Cuando Neal regresó al Bunyip, pensó que Francesca le estaba esperando allí, pero no estaba. Al principio solo se inquietó un poco, pero al ver que oscurecía y seguía sin llegar, empezó a preocuparse de verdad. Se puso un abrigo de Teddy y salió a buscarla. Después de rastrear la ciudad, bajó al muelle y preguntó a los capitanes. Los maquinistas del Eliza Jane le contaron que por la tarde Francesca había estado hablando con John Henry. Acto seguido Neal fue de visita al Syrett.

—He oído que hoy has estado charlando con Francesca —le dijo Neal a John Henry.

—Sí, esta tarde he hablado un momento con ella —contestó John, que observó a Neal, intrigado.

—¿Qué pasa? —preguntó Neal.

—No me gusta meterme en los asuntos de los demás, Neal, pero ¿por qué merodeas por el burdel, teniendo una esposa tan joven y guapa?

Neal no sabía qué contestar.

—Mientras charlábamos, Francesca ha visto por casualidad que llamabas a la puerta de Maggie esta tarde. Se ha quedado destrozada.

—Maldita sea —exclamó Neal en voz baja. Estaba furioso consigo mismo por no habérselo contado antes a Francesca—. ¿Y adónde ha ido?

—En dirección al mercado.

Al cabo de unos minutos, Neal estaba en el mercado, donde intentó averiguar qué dirección había tomado Francesca. Entonces posó la mirada en el hotel Bridge, y enseguida recordó la oferta de Henrietta. Como la puerta de entrada estaba cerrada, llamó a la puerta con fuerza.

—¿Quién es? —preguntó una voz femenina.

—Neal Mason. Estoy buscando a mi esposa Francesca.

—No está aquí —contestó Henrietta.

Neal percibió el tono de desdén y comprendió que Francesca había estado allí.

—Por favor, abra —suplicó.

—No puedo —repuso Henrietta.

—¡Por favor, señora Hepburn!

Se abrió la puerta y Henrietta se lo quedó mirando.

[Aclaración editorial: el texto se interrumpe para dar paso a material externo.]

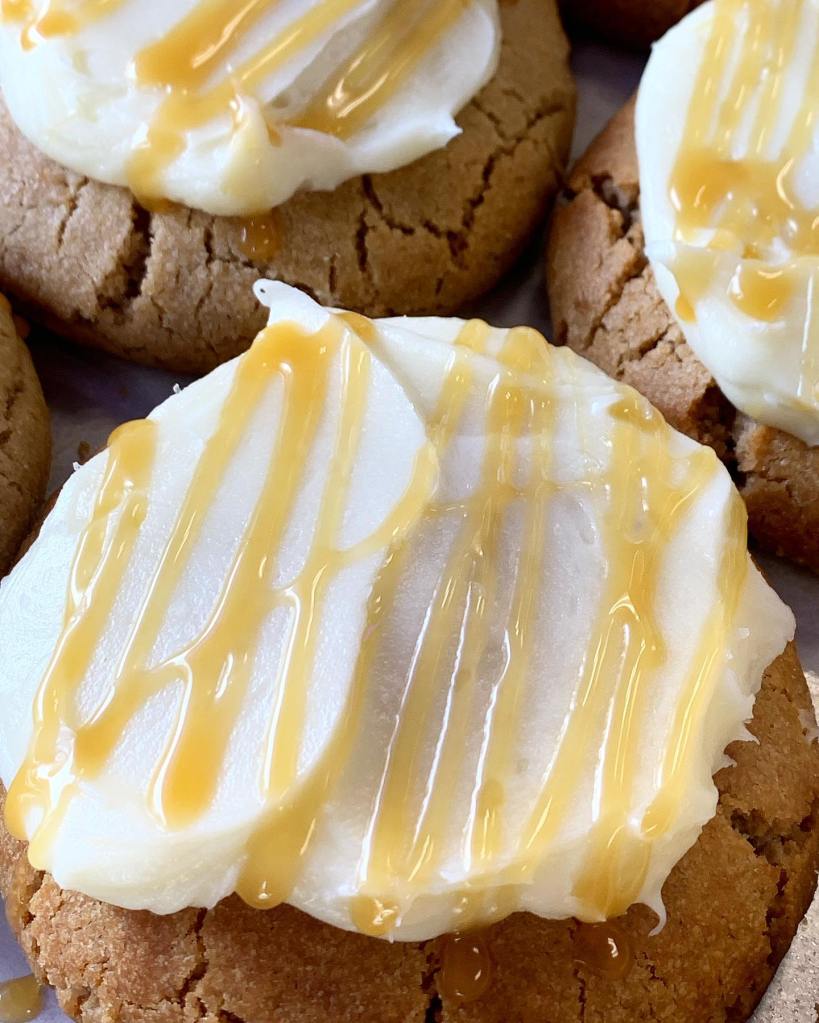 Cookie Butter Crumble- Biscoff Cookie butter base cookie, stuffed with cookie butter, topped with a cookie butter buttercream and crushed Biscoff Cookies!

—Ya no me llamo así —espetó—. Me llamo Henrietta Chapman.

—Disculpe, señorita Chapman. Por favor, dígame dónde se ha metido Francesca, si lo sabe. Ha habido un malentendido entre nosotros.

—¿Así lo llama usted? —dijo Henrietta, que cruzó los brazos y apretó los labios.

—Sí. —Neal estaba visiblemente incómodo—. Sé que me ha visto delante del burdel, pero lo que sin duda se imagina no es cierto.

Henrietta levantó las cejas en un gesto escéptico.

—Quiero a Francesca —dijo Neal—. Es la mujer de mi vida.

Henrietta no contestó. Se limitó a observar a Neal con una mirada gélida. Debía admitir que Neal era un hombre muy atractivo, y que hacían una pareja encantadora. Lástima que él lo hubiera estropeado todo. Pero era culpa suya.

—Conozco todas las excusas de los hombres para su lujuria, señor Mason. Será mejor que se invente algo mejor para ablandarme.

Neal comprendió que no iba a ser fácil hacer que Henrietta le revelara dónde se encontraba Francesca. Solo le quedaba una opción.

—¿Sabe dónde está mi esposa, señorita Chapman?

—Puede ser —contestó Henrietta, desafiante.

—¿Puedo entrar?

Henrietta no se movió del sitio.

—Concédame solo cinco minutos de su tiempo. Así salvaré mi matrimonio y ayudaré a mi esposa a recuperar el equilibrio.

—¿Está usted seguro, señor Mason?

—Tan seguro como del aire que respiro.